Determine the main page and merge the duplicates so that the robot crawls the page with high traffic
During the crawl, the bot can find duplicate pages – the same page under different URLs. Ultimately, he will give preference to one of them.
It would seem that everything is fine, but while the site is being crawled and indexed, the crawling budget is spent on duplicates. If there are few such pages, it is not critical. But for large sites, the presence of duplicates can significantly affect the indexing speed. In addition, the bot itself can choose as the main page that we do not need to promote.
Fix the remaining technical optimization flaws
Internal optimization flaws may not be critical for a small site, but with the growth of their number and the scale of the site, they will create a problem – they waste the time of the search bot and worsen the indexing of the site. They need to be eliminated.
Get rid of circular links so as not to mislead users
A circular reference is one that refers to itself.
For example, you are on a page with a white t-shirt → just below you are offered to go to a page with another white t-shirt → you go and get to the previous page and do not see any other t-shirt.
Firstly, it misleads the user and annoys him, as he spends his time searching. Second, it wastes link juice and crawl budget.
For large sites, this is a critical point, as it can significantly affect crawl speed and page indexing.
Most often, circular links are found in breadcrumbs – the navigation chain, when its tail ends with an active link to the current page. You don’t need to do this – the cyclic reference must be removed.
Link to lost pages so that users and bots can find you
Lost pages are pages that cannot be accessed through internal links. Because of this, users and bots will not be able to find them.

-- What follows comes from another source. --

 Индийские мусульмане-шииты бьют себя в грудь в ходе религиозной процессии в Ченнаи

If you find such pages, analyze them:
- if you need a lost page , put links to it and thereby transfer the internal weight from the site;
- if the lost page is not needed , delete it.

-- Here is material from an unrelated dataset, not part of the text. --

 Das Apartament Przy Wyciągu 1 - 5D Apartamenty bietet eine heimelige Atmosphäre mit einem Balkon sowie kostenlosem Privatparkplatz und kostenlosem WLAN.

Remove dangling nodes so you don’t lose page link juice
hanging knot – a page with no outgoing links. It accepts reference weight, but does not give it anywhere. It’s like you see a list on the site with articles on various topics, go to these pages and reach a page from which you can’t go anywhere.
In this case, the user is simply uncomfortable – in order to return to the previous page, he will have to press the “back” button or go to the search. And the robot in this case will be at a dead end, because it has nowhere to go from the page, and it cannot press the “back” button.
Most often, dangling nodes are not a serious problem, but you need to analyze the nature of such a page and, if possible, make adjustments:
- if the page contains content that does not fit on the main page , remove the dangling node, moving the content completely to the main page;
- if the page contains the desired content , add external links to it to important sections of the site.
Get ready for regular optimization
Maintaining the technical optimization of a site is a never-ending process, so you need to be ready to constantly make changes and track improvements.